At fifteen Walter Maxwell went out upon the world. A year after, he was the youngest gentleman private in the French king’s Archer-guard. Many a dame in Paris would turn round to look again on the blooming youthful face—almost a child’s still—so pleasing in its contrast with that manly form, clad in the showy armour of the guard. The Duchess of Valentinois herself had desired to have the young boy-archer presented to her; and it is to be presumed that Diane de Poitiers, a lady of mature experience, was no mean judge of masculine attractions. A word from the woman he so adored was sufficient to interest Henry II. in the Scottish recruit, and Walter Maxwell was more than once selected for duties demanding discretion as well as fidelity and courage. All these qualities were, indeed, in constant request at such a court as that of the French king. At a more advanced age, the young soldier had also distinguished himself in the disastrous affairs of St Quentin and Gravelines, where the French suffered serious defeats; and it was but the consistency with which he remained steadfast to the Protestant religion that stood in the way of his rapid promotion.

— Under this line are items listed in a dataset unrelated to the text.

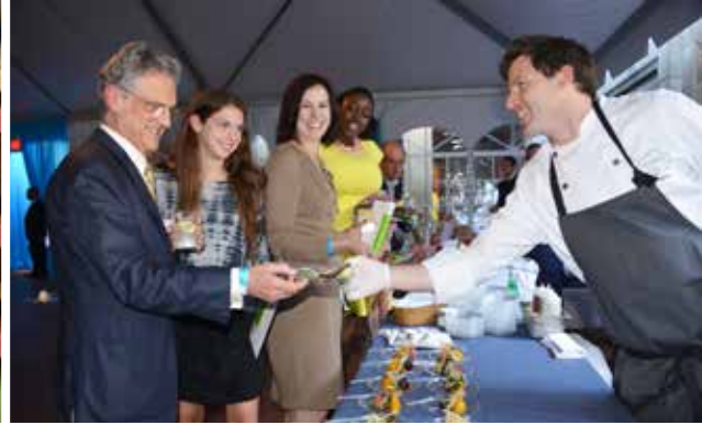
Taste of Summer, sponsored by Macquarie Group
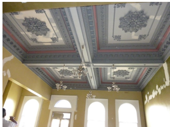
Example of heritage project with interior decorative finishes using “passive fire protection coatings”
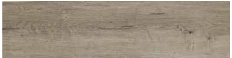
Oak Sacramento TIR960S1922J
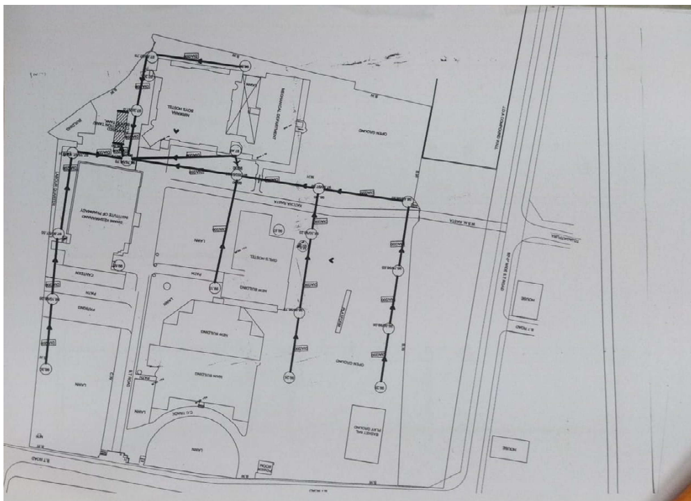
Line Diagram for Waste Water Recycling System in Campus
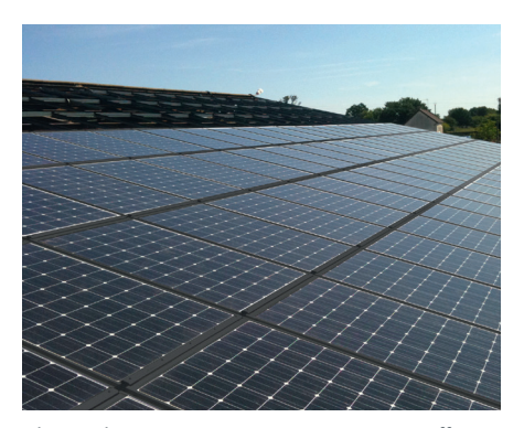
Photovoltaic structures require sections offering a long service life, which are easily assembled.
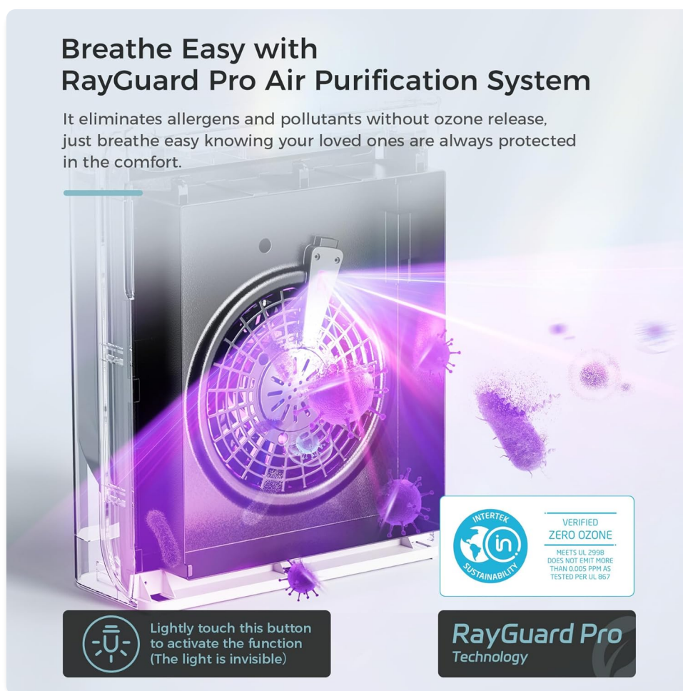
Figure 4.3: RayGuard Pro Air Purification System eliminates allergens and pollutants with zero ozone release.

The RayGuard Pro technology provides an additional layer of defense by helping to reduce harmful particles in the air without ozone release. This feature is activated by a light touch button on the control panel.
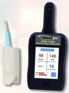
FSX-1101 shown with SPO2 Cuff for size comparison.

Small, Handheld, Lightweight, Rugged Intuitive User Interface Colour Touch Screen Preset & Manual Mode Operation 6 Saturation Levels from 80-99% Heart Rates from 30-245 BPM Adjustable Perfusion Index Pulse Synchronised with NIBP-1000, PS-2100 or PS-2200 Series LIFETIME Warranty*
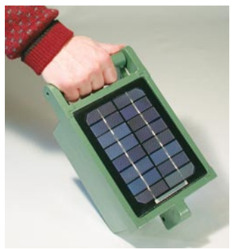
Easy, Small and Accurate

The Apollo is now equipped to handle the new CitiTube™ and short road tube spacings. CitiTube is a new product which combines two road tube inputs into a low profile one-piece solution, allowing a measure-free and simplified setup on site.
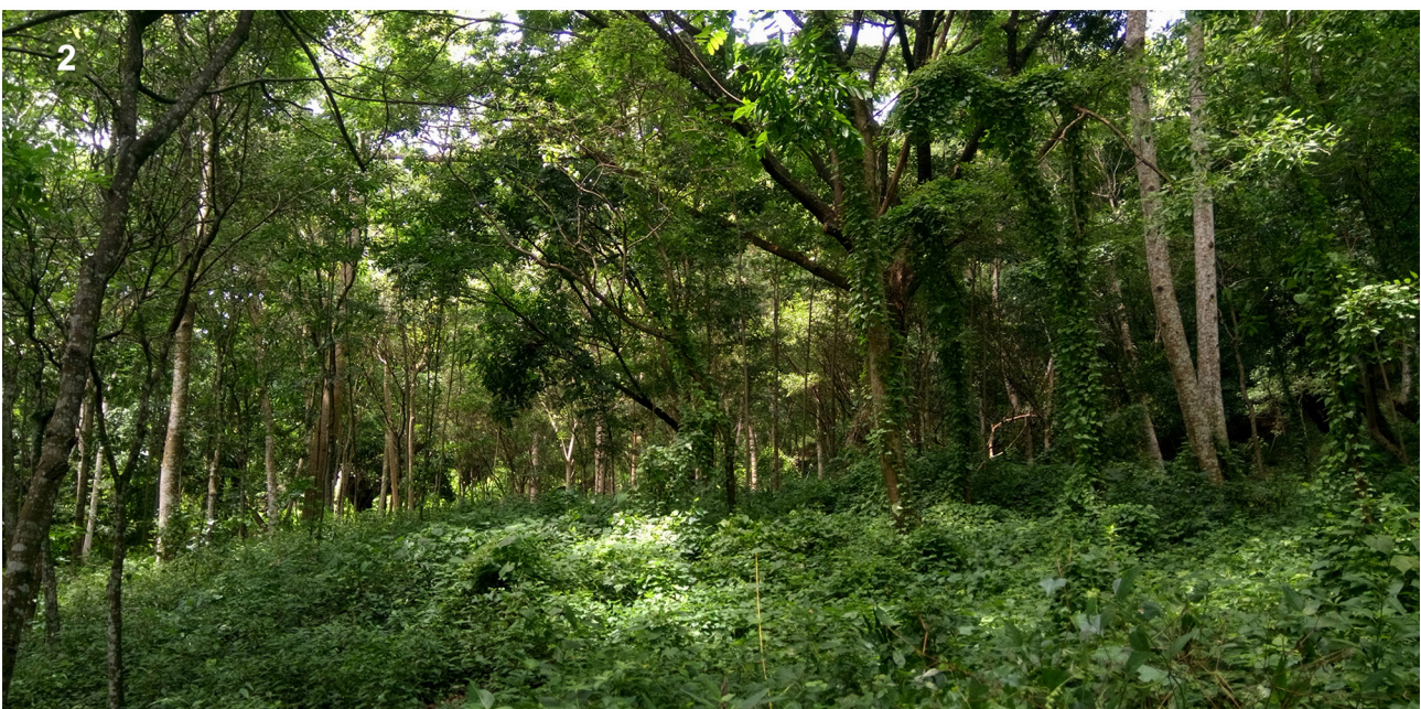
Figs 1–2. Study area: 1 – location of the study area; 2 – wooded area of Parque Ecológico Las Caobas (area with high density of the exotic coral vine)
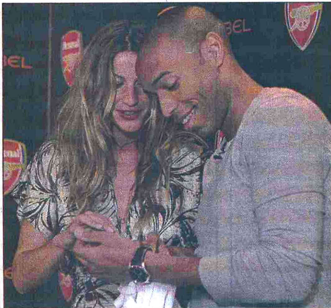
Brazilian supermodel Gisele Bundchen (L) presents an Ebel watch to French superstar Thierry Henry during a photocall in London, arranged to announce the luxury Swiss watch brand as the official partner for Arsenal.
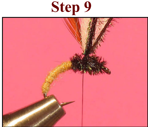
Wrap the herls together with the thread and make your thorax. Tie the herls to the post and cut the waste.

Tie in 3-5 peacock herls at the back of the thorax area.
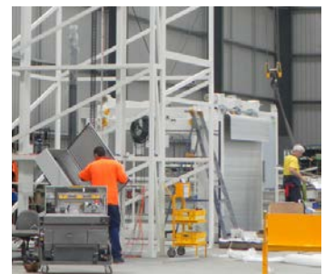
Made in Australia

He was a favourite, too, with his comrades for his courage and soldier-like bearing beyond his years, as well as for the indefinable attraction of those buoyant spirits which, like the bloom of youth on the cheek, seldom outlast maturity.

During the reign of Henry II., that chivalrous monarch, notwithstanding his severity to the Protestants, and the prevalence of their religion amongst his Scottish Archers, placed the most implicit confidence in his body-guard, riveting their unshaken loyalty with many favours and immunities, till they walked the streets of the capital objects of admiration and envy to the very grandees themselves. Perhaps the warlike Henry was of opinion that a soldier’s religion need not interfere with his obedience; and, indeed, too many of the Archers might have made the same answer, that some two centuries and a half later the old grenadier of the Empire gave on a question of doctrine to the Pope,—‘Et de quelle religion es tu, mon fils?’ asked his Holiness of the grim sentry who kept the door that led into the awful presence of Napoleon I. ‘Je suis de la religion de la Vieille Garde,’ replied the veteran, with an astounding clatter of his musket, as he ‘carried arms’ to the Pontiff. We take leave to doubt if the Protestantism of the Scotch Guard often stood in the way of Henry’s commands to his favourites.